13,837 posts, read 23,172,723 times
Reputation: 18850
Quote:
Originally Posted by toobusytoday View Post
A recent thread has been sidetracked into talking about how to get children to read for enjoyment but also for comprehension.

Let me tell you MY story.

Children are complete sponges to information of ANY kind. Give the child an opportunity to learn and in most cases, they will pick things up very quickly.

My mother and cousins loved to read. They read everything and we ALWAYS had books all over the place. Most of the books were, well, adult books - things like college textbooks. And a collection of old textbooks that my mother rescued from dumpsters. EVERYDAY, we read SOMETHING. From age four, we would go on road trips and it was my assignment to read EVERY sign. That had to be irritating as heck to everybody else, but I liked it a lot.

We could also read about the subjects we wanted to read.
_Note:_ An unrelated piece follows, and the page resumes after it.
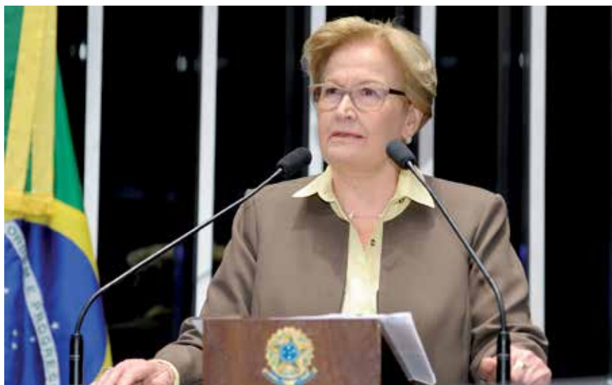
SENADORA ESTEVE EM DEBATE DO IMPOSTO DE RENDA NO SESCON-RS

“E a mobilização da sociedade e de entidades, assim como faz o SESCON-RS, apoiando a iniciativa, é importante para pressionar os parlamentares pela aprovação.”

We could read the newspapers, the comic books, labels, children's books, etc. We could read any other book. When I was in 2nd grade, I stole my cousins 7th grade books as THEY weren't using them. (g)

School was TREMENDOUSLY BORING. I would read the textbook in the first week or two and have to wait for months to let everyone get through it. Things I liked to read - sport books, sports magazines, and Nancy Drew books were "unworthy reading."

Back to the question:

1) When children are motivated about a subject, they want to comprehend.

2) When parents and children read together, the parent's presence increases comprehension as they can explain topics that the child does not understand.

3) Encouraging a child to use a dictionary to "look up" words that they are unfamiliar is critical.

4) "Words of the day" is a great way to expand vocabulary and is something that most kids really get into. (Actually learned this from a group of retirees in Sparks, NV).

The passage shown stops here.